[MDEV-14589] InnoDB should not lock a delete-marked record Created: 2017-12-05  Updated: 2023-11-30  Due: 2017-12-15  Resolved: 2017-12-11

Status: Closed
Project: MariaDB Server
Component/s: Storage Engine - InnoDB
Affects Version/s: None
Fix Version/s: 10.2.12, 10.3.3, 10.1.34

Type: Bug Priority: Major
Reporter: Michael Widenius Assignee: Marko Mäkelä
Resolution: Fixed Votes: 1
Labels: upstream, upstream-5.5, upstream-wontfix

Issue Links:
Relates
relates to MDEV-26475 InnoDB must not lock delete-marked re... Open
relates to MDEV-26642 Weird SELECT view when a record is mo... Confirmed
relates to MDEV-32898 Phantom rows caused by UPDATE of PRIM... Stalled
relates to MDEV-10962 Deadlock with 3 concurrent DELETEs by... Closed
relates to MDEV-16675 Unnecessary explicit lock acquisition... Closed
relates to MDEV-20605 Awaken transaction can miss inserted ... Closed

 Description   

When a transaction is able to delete-mark a record and commit the change, no active transaction may possibly have seen (and locked) the record. The record can be removed by the purge thread at any time, and it is logically equivalent to a gap (non-existing record).

However, currently InnoDB transactions will lock committed delete-marked records.

How to repeat:
Run at least 3 identical DELETE statements in parallel, and possibly some INSERT with a key value slightly smaller than that of the deleted record.

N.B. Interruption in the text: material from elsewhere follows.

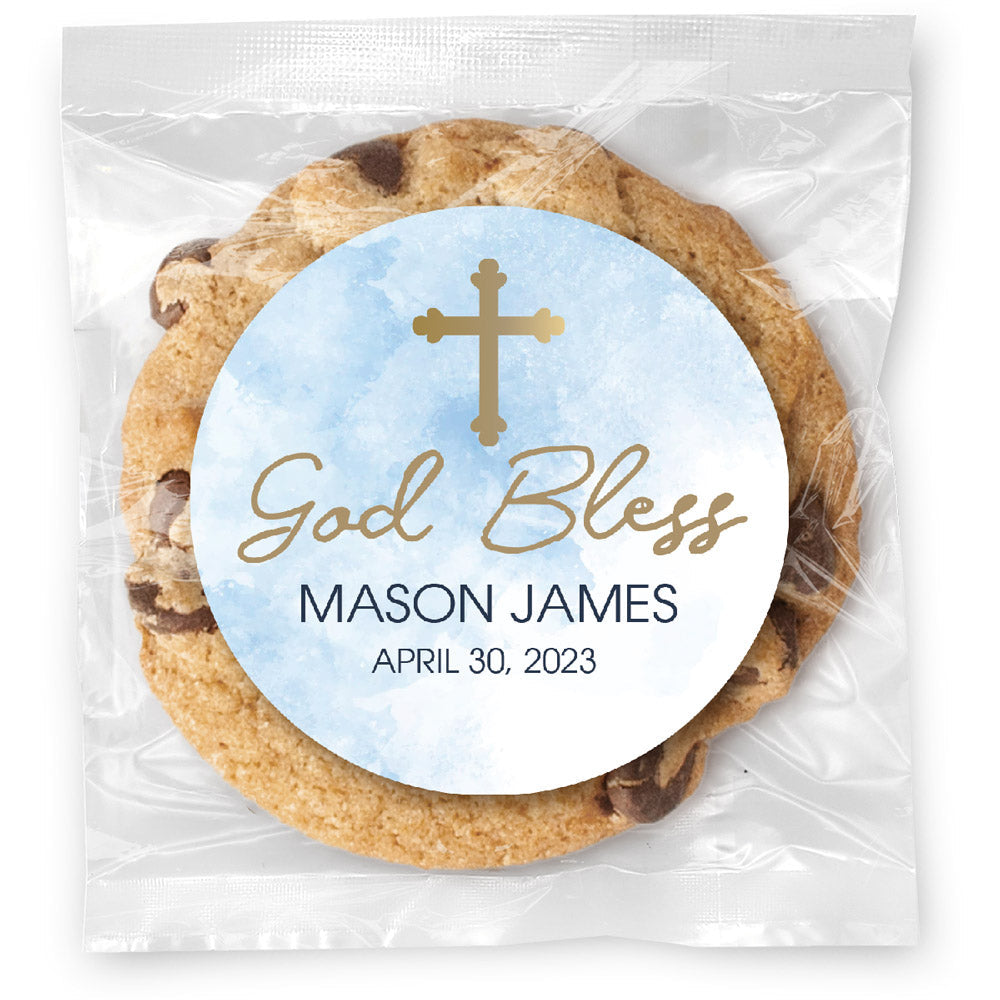 Blue Clouds Cross - Gourmet Cookie w/ Full Color Personalized sticker

InnoDB should report a bogus deadlock between 2 DELETE statements:

trx (1) has obtained an X-lock on the delete-marked committed record
trx (2) is waiting for an X-lock on the record and the preceding gap
trx (1) is waiting for an X-lock on the record and the preceding gap

Suggested fix:
Transactions should ignore committed delete-marked records when they come across them.

The solution we will try to implement is that when using isolation level is READ COMMITTED then DELETE will ignore any delete marked rows.

This is same as https://bugs.mysql.com/bug.php?id=19762



 Comments   
Comment by Marko Mäkelä [ 2017-12-08 ]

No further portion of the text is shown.